Jorge Mario Bergoglio, who was elected to be Pope Francis Wednesday, March 13, only has one lung, according to news reports.
The 76-year-old from Buenos Aires needed to have his other lung removed as a teenager because of an infection, the Associated Press reported:
Bergoglio has slowed a bit with age and is feeling the effects of having a lung removed due to infection when he was a teenager -- two strikes against him at a time when many Vatican-watchers say the next pope should be relatively young and strong.
But in general, only having one lung shouldn't really hinder health at all, said Dr. Sandhya Khurana, M.D., an associate professor of medicine and a pulmonologist at the University of Rochester Medical Center, who is not the pope's doctor.
"If you have normal lungs, then that's certainly possible to just live with one lung and we get proof of that on a regular basis because of people who have lost a lung through surgery, for an infection, or cancer," Khurana told HuffPost.

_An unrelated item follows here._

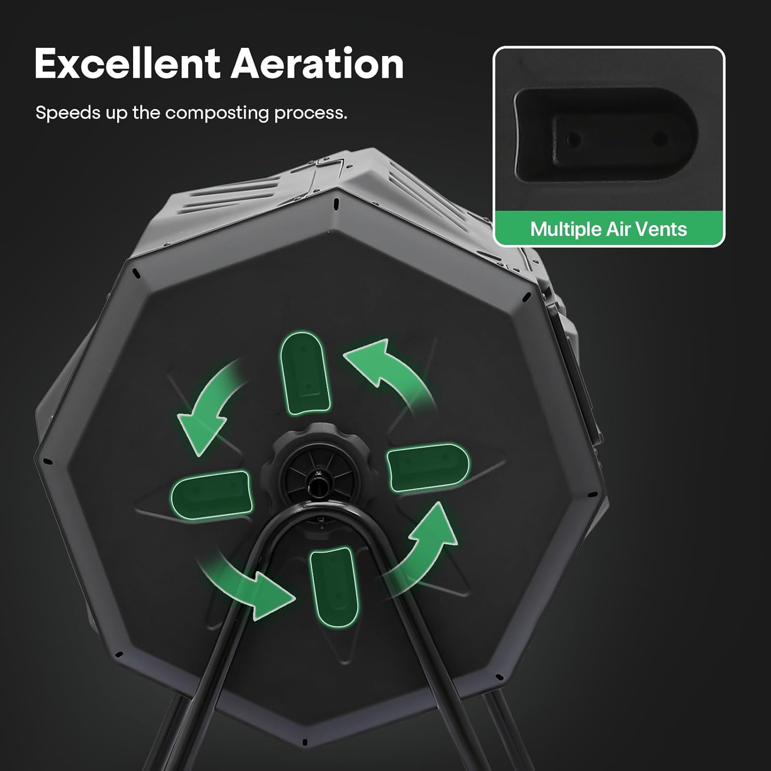 • Improved Air Circulation System: Integrated air vents and internal mixing fins improve airflow and help maintain an ideal balance of moisture and oxygen, which accelerates decomposition and keeps odors in check.

As long as "they have normal breathing ... and normal lung function, they seem to do OK."
A big factor in the respiratory health of someone with only one lung is the condition of the lung that is still in the body, she said. If a person was a smoker or had a diseased lung to begin with, then he or she won't tolerate the removal of a lung as well. But if the person is healthy, then that won't be generally be a limitation.